The trend lines are not sparking the kind of celebration many reshoring advocates might have hoped for, at least not yet. One reason is that the presidential campaign rhetoric has politicized the issue so deeply that major companies such as Caterpillar, NCR and Ford Motor, all of which have brought some jobs home, decline to discuss the issue.
Ford and the Carrier air conditioner unit of United Technologies are engaged in public slanging matches with Republican frontrunner Donald Trump because of plans to move production to Mexico and those CEOs are trying to maintain low profiles. Others have suffered unintended outcomes: GE made a splash by moving the production of water heaters from China to its Appliance Park in Louisville, Kentucky—and then proceeded to sell the entire appliance division to Haier of China.

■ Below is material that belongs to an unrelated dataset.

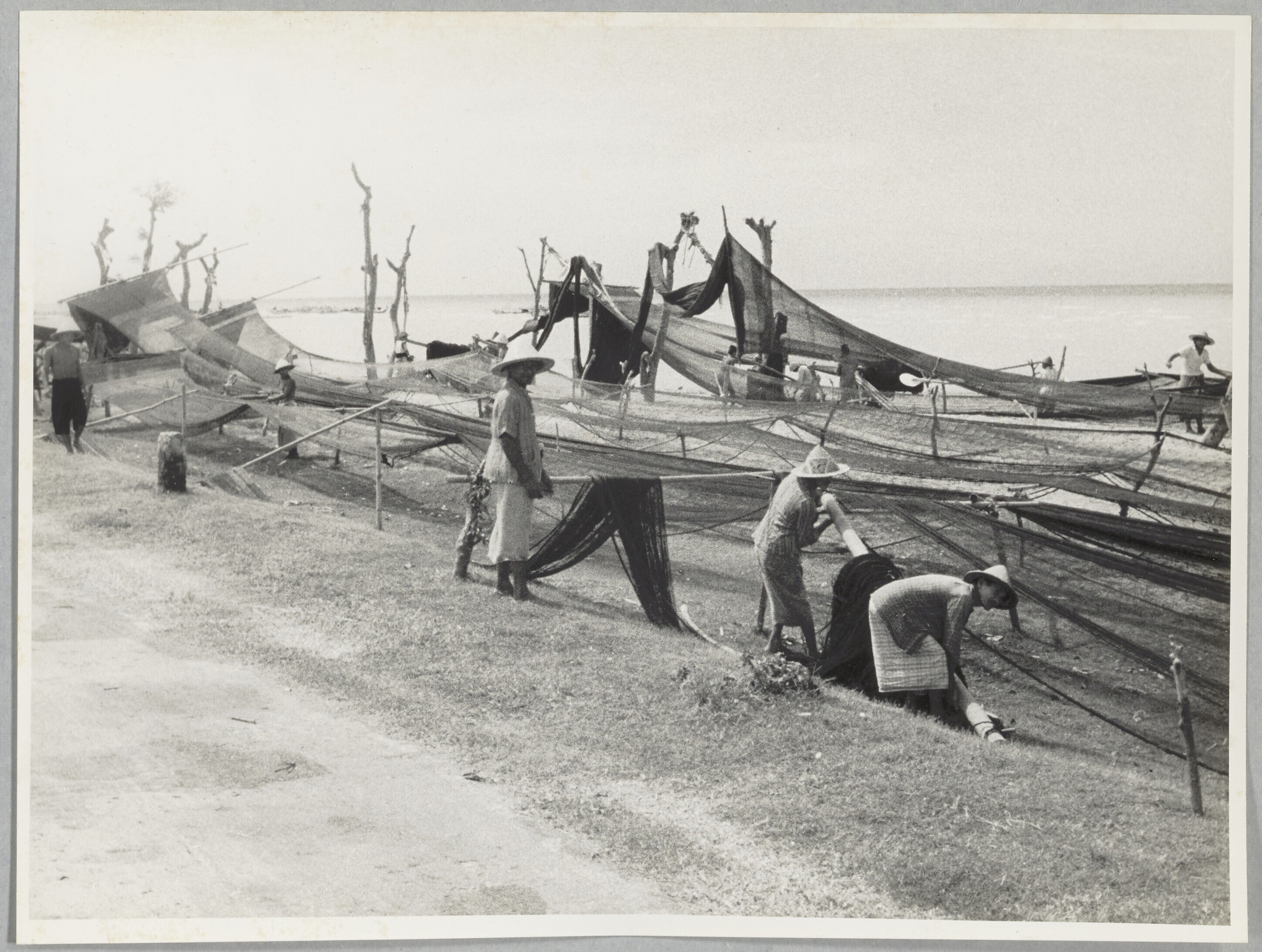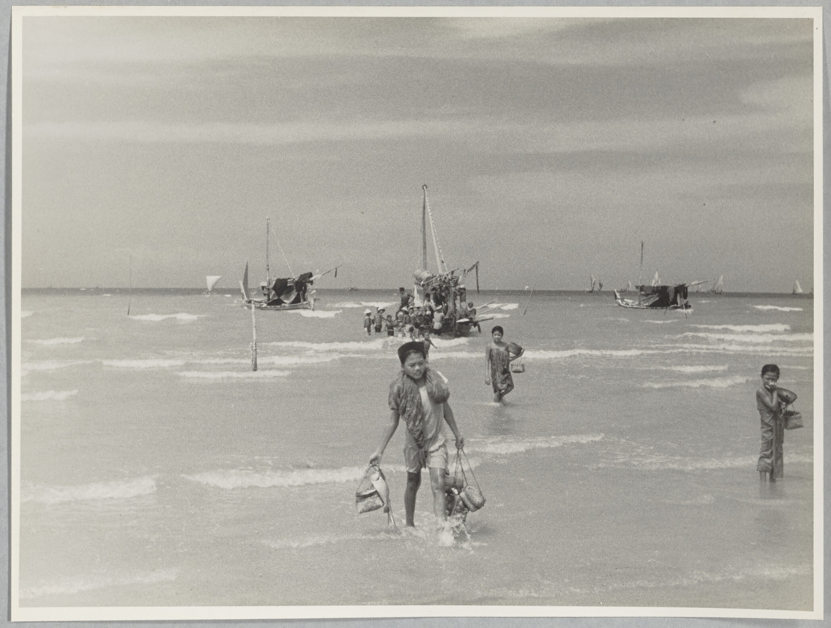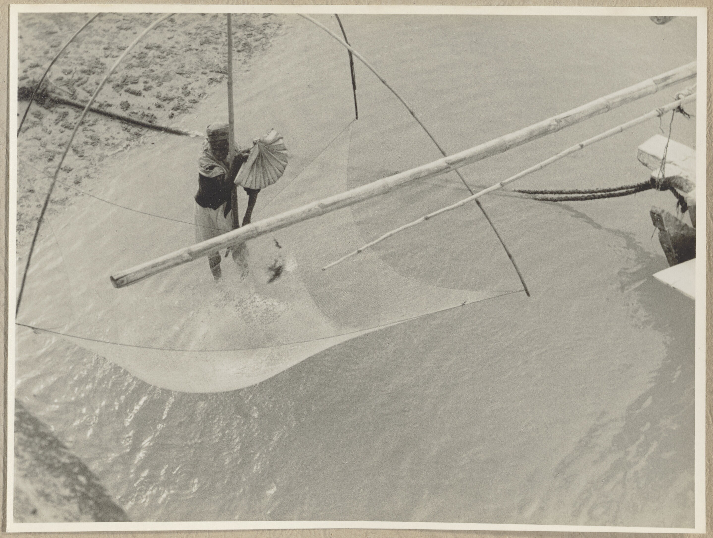 Een Javaanse jongen die vis en andere spullen uit ee...

Another reality is that the jobs that do come home seem to be very different than those that left. The rough rule of thumb is that if five American jobs went to China, it required perhaps 12 Chinese workers to do the same work because fewer workers there are trained in multiple functions. But when those jobs come home, they may be only three jobs, and they require higher levels of skills to work with computers and automated production equipment. That’s not good for millions of displaced American workers, who may have only high school educations.
Moreover, millions of jobs that went offshore may never come back. Harry C. Moser, founder and president of the Reshoring Initiative, which has emerged as the most definitive source of information on the trend, estimates that U.S. manufacturers would bring back home 1 million jobs if they did comprehensive evaluations of their true offshore production costs.
HAMPERED BY REGULATION AND TAXATION
But Moser reckons that another 3 million jobs will not return to American soil unless governments undertake sweeping changes to the business and tax climate and seek to eliminate the approximately $500 billion annual trade deficit. Those challenges seem unlikely in the current polarized political environment.
One bright spot among major companies, ironically, is Walmart, which helped spark the flood of jobs to low-cost locations in the first place. The company announced its Made in USA initiative in January 2013, vowing to buy $250 billion more in products from U.S. suppliers over a 10-year period. Cindi Marsiglio, the Walmart vice president overseeing the U.S. sourcing push, says the retailer is on track to achieve that goal, finding American suppliers of such basic items as towels and socks.
There are three elements to its strategy. One is to buy more from exiting U.S. suppliers already manufacturing in the States. The second is encouraging reshoring and the third is finding new U.S. suppliers.